To give you an idea of what I mean, choose a number of pieces (n)

var n = 20, // The number of lines in the spiral
    rStep = (outerRadius - innerRadius)/n, // the radius increase between points
    aStep = (outerAngle - innerAngle)/n,  // the angle change between points
    points = [];

// compute the cartesian coordinates (x, y) from polar coordinates (r, a)
function cartesian(r, a) {
    return [
        r * Math.cos(a),
        r * Math.sin(a)
    ];
}

for (i = 0; i <= n; i += 1) {
   points.push(cartesian(innerRadius + (i * rStep), innerAngle + (i * aStep));
}

---

I have demonstrated a basic piecewise spiral using polar coordinates:

http://jsfiddle.net/xmDx8/

Try changing n to see how the pieces build up.

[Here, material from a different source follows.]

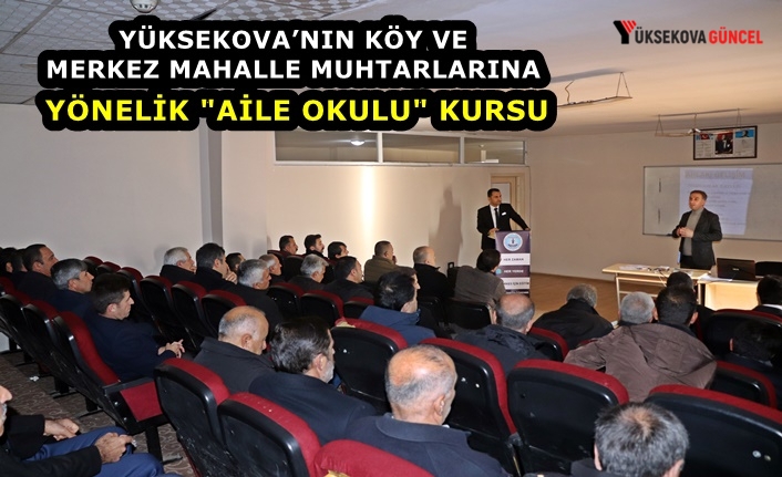 Yüksekova Halk Eğitim Merkezi Müdürlüğü tarafından köy ve merkez mahalle muhtarına ‘Aile Okulu’ kursu verildi.

drawLine(innerCircleIndex, outerCircleIndex, 1); // This is what you did

drawLine(innerCircleIndex, outerCircleIndex, 100); // 100 lines in the example

drawLine(innerCircleIndex, outerCircleIndex, n); // Choose n to see how it grows

Answer 2

One option is to use elliptical arcs. This doesn't look too awesome, but satisfies the constraints, and I think it can be improved by careful choice of the circle radius (here I used a fixed one).

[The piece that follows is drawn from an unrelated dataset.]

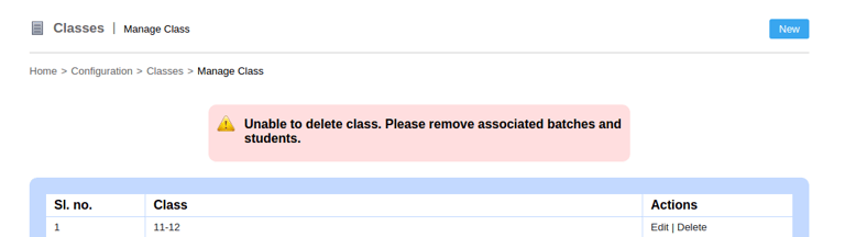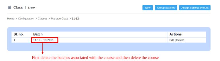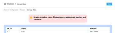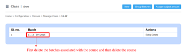I am not able to delete a course.While deleting it shows a message-'Unable to Delete class/course. Please remove existing batches and students'

var angleDiff = MathHelpers.getAngleInCircle(innerCircleIndex, numberOfDotsInInnerCircle) - MathHelpers.getAngleInCircle(outerCircleIndex, numberOfDotsInOuterCircle);
while (angleDiff > Math.PI) {
    angleDiff -= 2 * Math.PI;
}
while (angleDiff < -Math.PI) {
    angleDiff += 2 * Math.PI;
}

from = addOffsetAndRound(from);
to = addOffsetAndRound(to);
r = (0.5 * innerCircleRadius + 0.5 * outerCircleRadius);

var pathStr = "";
pathStr += "M" + [from.x, from.y].join(' '); // MOVE to
pathStr += "A" + [r, r, 0, 0, angleDiff >= 0 ? 1 : 0, to.x, to.y].join(' '); // Draw line to
var path = paper.path(pathStr);

PS Of course, one should keep in mind that the real spiral isn't an elliptical arc.

Answer 3

If you really did want to avoid teh fancy maths, you could approximate a spiral using a series of simple line segments given no information other than the coordinates of the two points being connected and either their respective angles relative to the origin or the origin's coordinates (obviously one can be inferred from the other). Given (ix,iy,i_angle) describing the coordinates and relative angle of the interior point and (ox,oy,o_angle) describing the coordinates and relative angle of the exterior point,

        var generatePath = function( ix, iy, i_angle, ox, oy, o_angle )
        {
            var path = [ "M", ox, oy ];
            var slices = 100;

            var cur_angle = o_angle;
            var cur_r = cr_outer;
            var delta_r = ( cr_inner - cr_outer ) / slices;
            var delta_angle = ( i_angle - o_angle );
            if ( delta_angle > Math.PI )
                delta_angle -= Math.PI * 2;
            else if ( delta_angle < Math.PI * -1 )
                delta_angle += Math.PI * 2;
            delta_angle = delta_angle / slices;

            for ( var i = 0; i < slices; i++ )
            {
                cur_angle += delta_angle;
                cur_r += delta_r;
                path.push( "L", cx + Math.cos( cur_angle ) * cur_r, cy + Math.sin( cur_angle ) * cur_r );
            }
            return path;
        }

The logic is stupid-simple, looks good even at high resolutions, and is possibly more performant than a "genuine" arc segment or series of quadratic bezier curve. The number of slices per segment could probably be tuned based on length and size to balance performance against aesthetics.

I have this function (with control point calculations) staged here .

Answer 4

Trying an approach without fancy maths:

• find the outter dot and the inner dot that are halfway between the dots to connect.
• find the middle of the segment formed by these halfway dots.

Draw your curve passing by this point.